Raw data
· · · ·

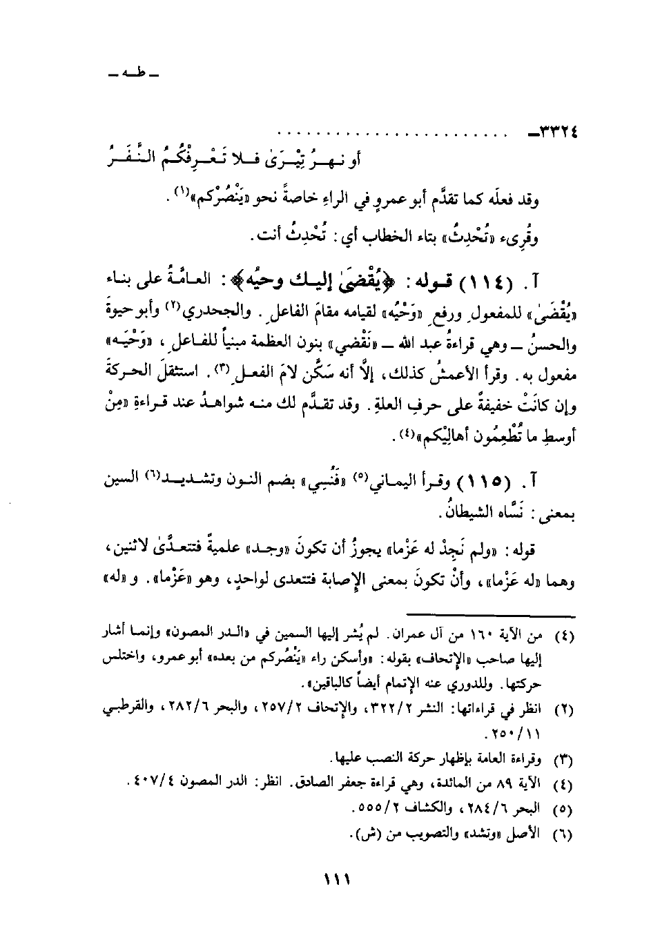قوله: {يقضى إِلَيْكَ وَحْيُهُ} : العامَّةُ على بناء «يقضى» للمفعولِ ورفع «وَحْيُه» لقيامه مقامَ الفاعلِ. والجحدري وأبو حيوةَ والحسنُ وهي قراءةُ عبد الله «نَقْضي» بنون العظمة مبنياً للفاعلِ، «وَحْيَه» مفعول به. وقرأ الأعمشُ كذلك، إلاَّ أنه سَكَّن لامَ الفعلِ. استثقلَ الحركةَ وإن كانَتْ خفيفةً على حرفِ العلةِ. وقد تقدَّم لك منه شواهدُ عند قراءةِ {مِنْ أَوْسَطِ مَا تُطْعِمُونَ أَهْالِيكُمْ} [المائدة: 89] .
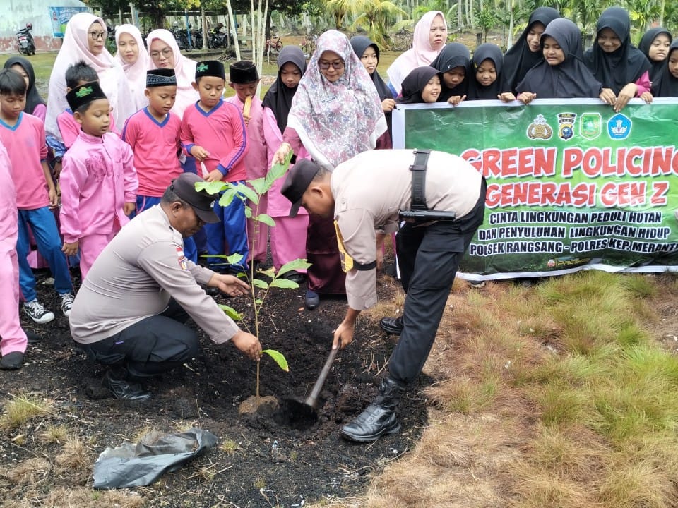 Green Policing yang dilaksanakan kegiatan penanaman pohon TK Al Muawanah Desa Alahair Kec. Tebingtinggi, SDN 05 Desa Dwi Tunggal Kec. Rangsang dan SMA Kalam Kudus Kabupaten Kepulauan Meranti, pada Jumat (15/8/2025).
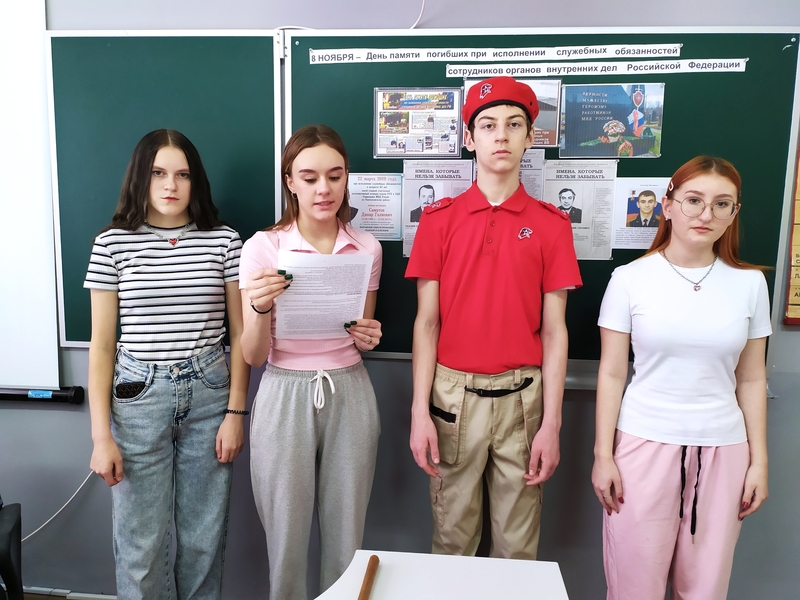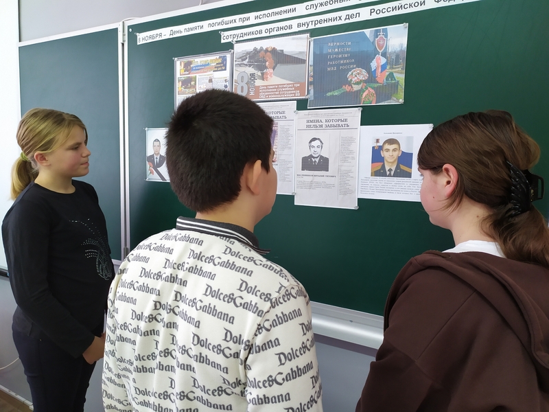 «Подвиг во имя жизни». 13 ноября 2025 «Подвиг во имя жизни».Ежегодно 8 ноября в России отмечается День памяти погибших при исполнении служебных обязанностей сотрудников органов внутренних дел. Этот день посвящен тем, кто отдал свою жизнь, защищая закон и порядок, обеспечивая безопасность граждан и поддерживая правопорядок в стране. 8 ноября в МБОУ «Леоновская СОШ» прошёл классный час «Подвиг во имя жизни».Советник директора по воспитанию Жданова И.Г. совместно с активом школы подготовили информацию о сотрудниках органов внутренних дел, погибших при исполнении служебных обязанностей.Ребята услышали рассказ об истории возникновения МВД. Выступление сопровождалось презентацией. Вспомнили имена сотрудников, погибших при исполнении служебного долга. Состоялся диалог с обучающимися о том, какими качествами обладают настоящие герои. Ребята ответили на вопрос: "Почему нужно защищать Родину и беречь мир? "Такие мероприятия способствуют формированию уважения к профессии сотрудника органов внутренних дел и укреплению чувства патриотизма среди молодого поколения.
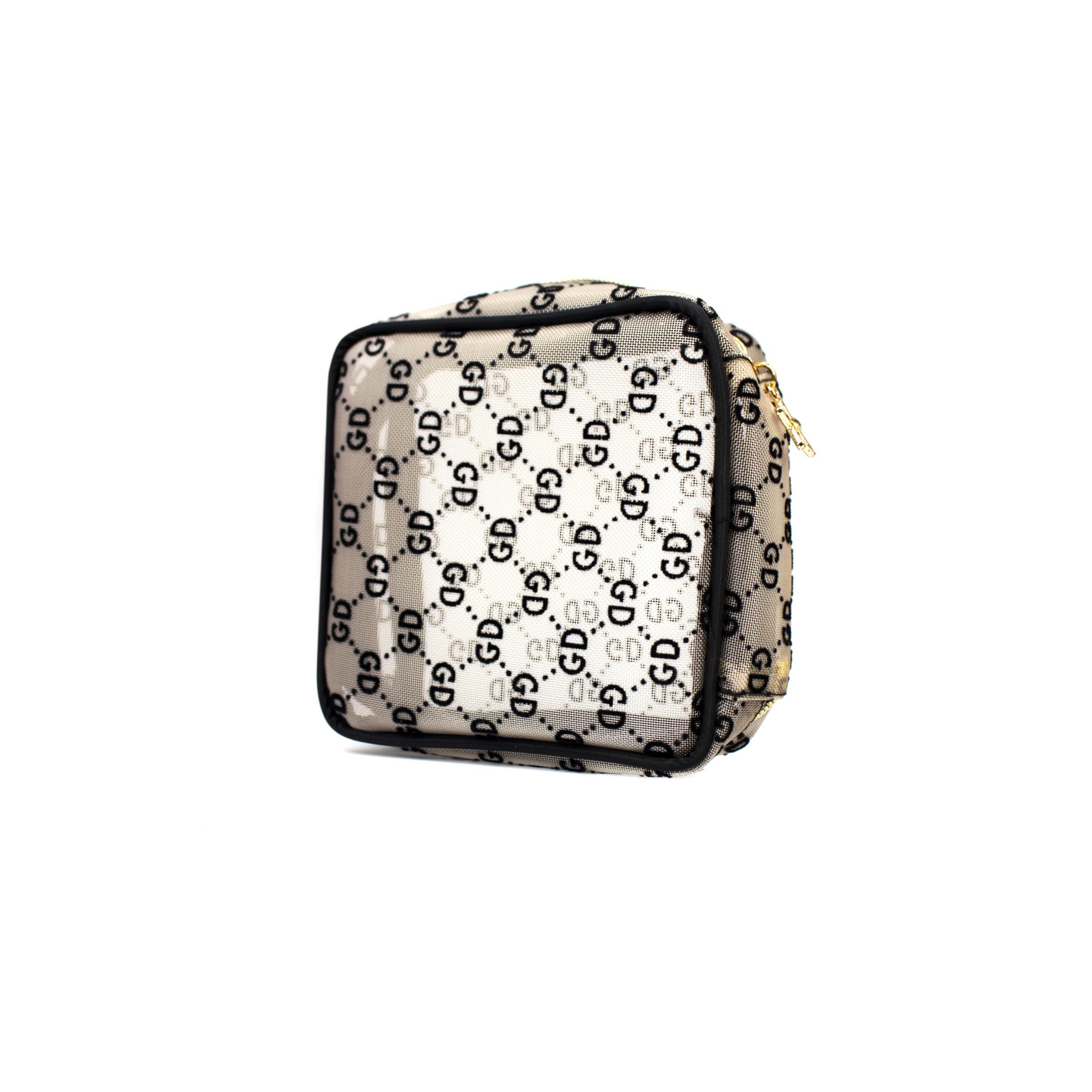 Kích thước: 18x9x12 cm Chất liệu: Nhựa nylon, khoá kéo kim loại Màu sắc: Màu kem họa tiết đen Số ngăn: 1 ngăn lớn Mô tả sản phẩm: Túi đựng mỹ phẩm cao cấp họa tiết hiện đại Care4u

· · · ·

Problem details
The pictures alone are to be left out when the data above is copied; all else must match exactly.

Answer section
قوله: {يقضى إِلَيْكَ وَحْيُهُ} : العامَّةُ على بناء «يقضى» للمفعولِ ورفع «وَحْيُه» لقيامه مقامَ الفاعلِ. والجحدري وأبو حيوةَ والحسنُ وهي قراءةُ عبد الله «نَقْضي» بنون العظمة مبنياً للفاعلِ، «وَحْيَه» مفعول به. وقرأ الأعمشُ كذلك، إلاَّ أنه سَكَّن لامَ الفعلِ. استثقلَ الحركةَ وإن كانَتْ خفيفةً على حرفِ العلةِ. وقد تقدَّم لك منه شواهدُ عند قراءةِ {مِنْ أَوْسَطِ مَا تُطْعِمُونَ أَهْالِيكُمْ} [المائدة: 89] .
 Green Policing yang dilaksanakan kegiatan penanaman pohon TK Al Muawanah Desa Alahair Kec. Tebingtinggi, SDN 05 Desa Dwi Tunggal Kec. Rangsang dan SMA Kalam Kudus Kabupaten Kepulauan Meranti, pada Jumat (15/8/2025).
 «Подвиг во имя жизни». 13 ноября 2025 «Подвиг во имя жизни».Ежегодно 8 ноября в России отмечается День памяти погибших при исполнении служебных обязанностей сотрудников органов внутренних дел. Этот день посвящен тем, кто отдал свою жизнь, защищая закон и порядок, обеспечивая безопасность граждан и поддерживая правопорядок в стране. 8 ноября в МБОУ «Леоновская СОШ» прошёл классный час «Подвиг во имя жизни».Советник директора по воспитанию Жданова И.Г. совместно с активом школы подготовили информацию о сотрудниках органов внутренних дел, погибших при исполнении служебных обязанностей.Ребята услышали рассказ об истории возникновения МВД. Выступление сопровождалось презентацией. Вспомнили имена сотрудников, погибших при исполнении служебного долга. Состоялся диалог с обучающимися о том, какими качествами обладают настоящие герои. Ребята ответили на вопрос: "Почему нужно защищать Родину и беречь мир? "Такие мероприятия способствуют формированию уважения к профессии сотрудника органов внутренних дел и укреплению чувства патриотизма среди молодого поколения.
 Kích thước: 18x9x12 cm Chất liệu: Nhựa nylon, khoá kéo kim loại Màu sắc: Màu kem họa tiết đen Số ngăn: 1 ngăn lớn Mô tả sản phẩm: Túi đựng mỹ phẩm cao cấp họa tiết hiện đại Care4u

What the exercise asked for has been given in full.